RECORDED DATA:
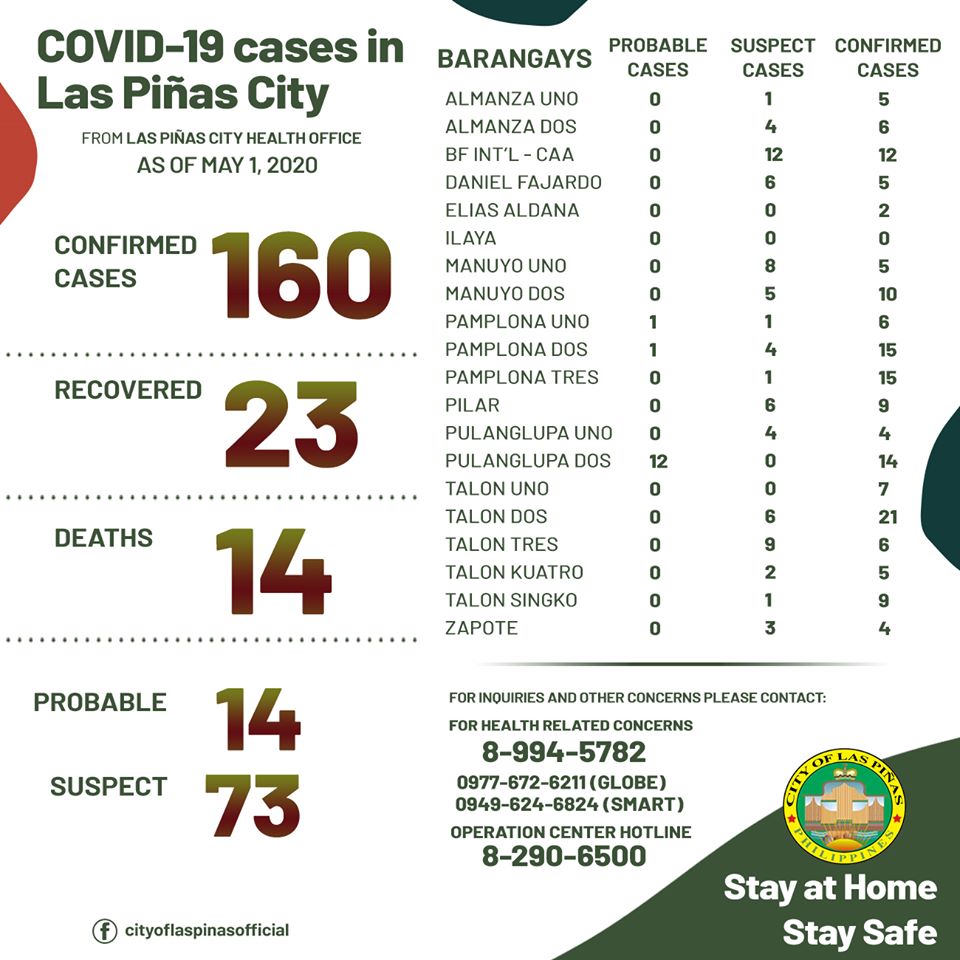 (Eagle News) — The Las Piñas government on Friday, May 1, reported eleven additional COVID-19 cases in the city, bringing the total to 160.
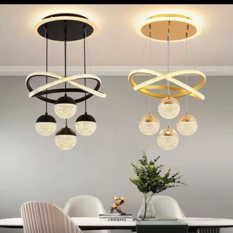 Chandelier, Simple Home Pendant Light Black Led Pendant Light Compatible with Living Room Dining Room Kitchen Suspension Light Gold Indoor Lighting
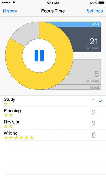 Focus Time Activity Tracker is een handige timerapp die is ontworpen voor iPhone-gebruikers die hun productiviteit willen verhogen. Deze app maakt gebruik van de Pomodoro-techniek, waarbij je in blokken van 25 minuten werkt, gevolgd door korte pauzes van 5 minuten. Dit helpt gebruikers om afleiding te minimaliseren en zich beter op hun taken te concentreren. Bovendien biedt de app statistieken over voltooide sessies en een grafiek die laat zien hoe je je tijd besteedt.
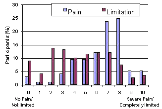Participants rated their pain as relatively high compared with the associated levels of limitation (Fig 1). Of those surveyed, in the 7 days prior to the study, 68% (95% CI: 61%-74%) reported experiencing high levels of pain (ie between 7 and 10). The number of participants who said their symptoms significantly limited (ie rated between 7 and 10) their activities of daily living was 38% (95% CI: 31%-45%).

THE PROBLEM: Set the data above down again exactly as given, with no pictures.

ANSWER TO THE EXERCISE:
 (Eagle News) — The Las Piñas government on Friday, May 1, reported eleven additional COVID-19 cases in the city, bringing the total to 160.
 Chandelier, Simple Home Pendant Light Black Led Pendant Light Compatible with Living Room Dining Room Kitchen Suspension Light Gold Indoor Lighting
 Focus Time Activity Tracker is een handige timerapp die is ontworpen voor iPhone-gebruikers die hun productiviteit willen verhogen. Deze app maakt gebruik van de Pomodoro-techniek, waarbij je in blokken van 25 minuten werkt, gevolgd door korte pauzes van 5 minuten. Dit helpt gebruikers om afleiding te minimaliseren en zich beter op hun taken te concentreren. Bovendien biedt de app statistieken over voltooide sessies en een grafiek die laat zien hoe je je tijd besteedt.
Participants rated their pain as relatively high compared with the associated levels of limitation (Fig 1). Of those surveyed, in the 7 days prior to the study, 68% (95% CI: 61%-74%) reported experiencing high levels of pain (ie between 7 and 10). The number of participants who said their symptoms significantly limited (ie rated between 7 and 10) their activities of daily living was 38% (95% CI: 31%-45%).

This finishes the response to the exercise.